Trichorhinophalangeal syndrome (TRPS) is a group of two autosomal dominant genetic diseases (TRPS I and TRPS II) characterized by skeletal abnormalities, distinct facial features, and ectodermal features. TRPS I is caused by a pathogenic variant of the TRPS1 gene, and TRPS II is caused by a continuous 8q23.3–q24.11 deletion including the TRPS1, RAD21, and EXT1 genes. Clinical features include a large pear-shaped nose, thick and broad eyebrows, prominent ears, short stature, short digits, cone-shaped epiphyses, dystrophic nails, and fine, sparse hair. TRPS II may be accompanied by mild to moderate intellectual disability [146].

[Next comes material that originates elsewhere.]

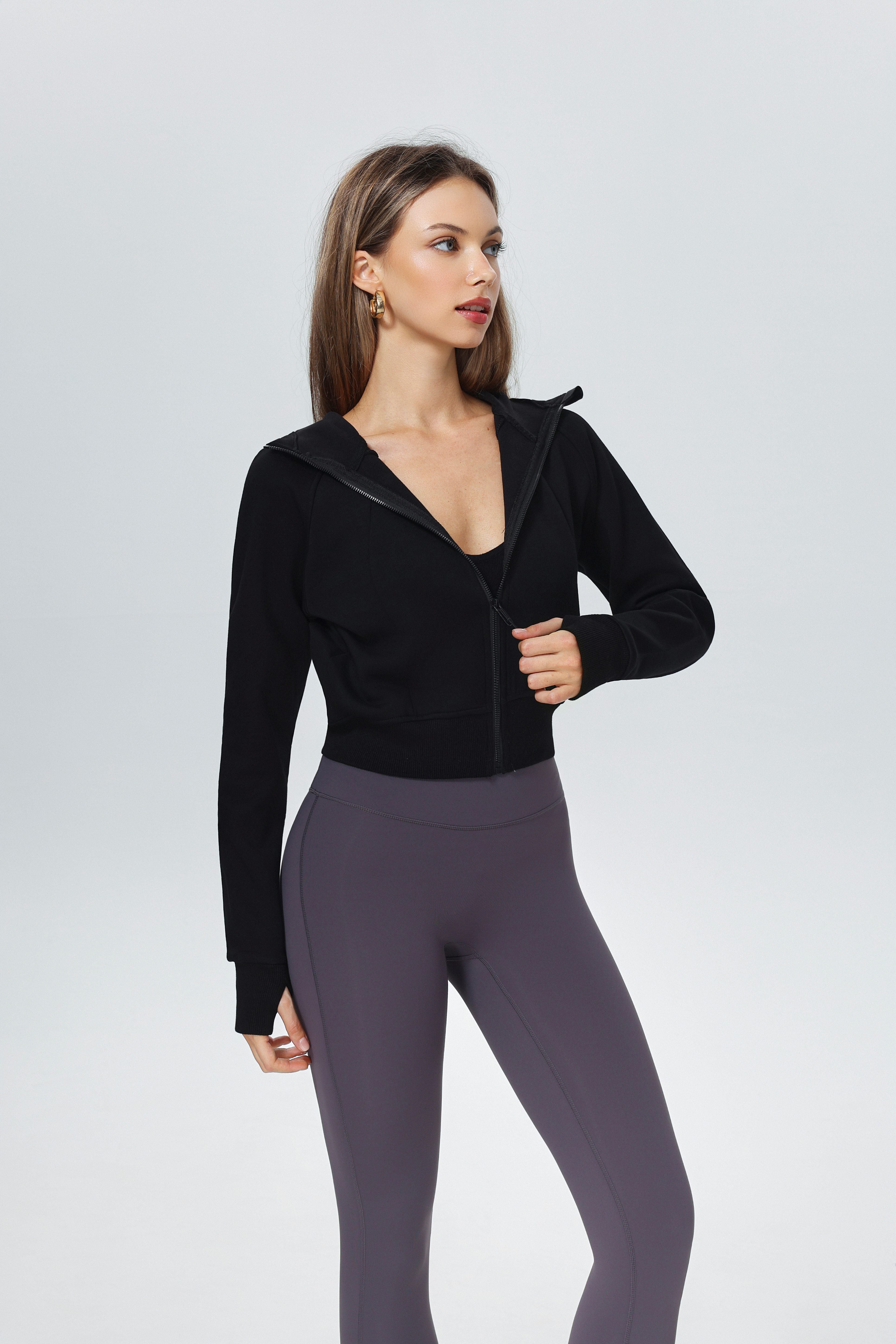 Chaqueta corta con capucha y cremallera para mujer con protección solar

The hair of patients with TRPS is typically fine, sparse, slow-growing, and not very pigmented [146]. The pathologic change and pattern of hair loss is similar to that seen in male pattern baldness, with recession of the frontotemporal hairline and thinning of hair diameter [147]. Approximately one-third of males go nearly or completely bald within a few years after puberty, while women typically keep most of their hair but have a high frontal hairline [148]. Patients may have sparse lateral eyebrows and eyelashes [149].

Scanning electron microscopy of the hair shaft may be normal or show changes in cuticular pattern and hair shaft structure [150]. Light microscopy may show thinning of the distal end of the hair shaft, trichorrhexis nodosa, and trichoptilosis [149, 151].

In mice, the TRPS1 gene has been shown to be involved in the Wnt signaling pathway, involved in follicle morphogenesis. In humans with TRPS, two keratin-related genes (KRT6C and KRTAP3-1) were found to be downregulated in balding areas of the scalp as compared to nonbalding areas. TRPS1 protein expression has been shown to be regulated by androgens [152], providing a possible mechanism for why hair loss seen in TRPS can mimic male pattern baldness.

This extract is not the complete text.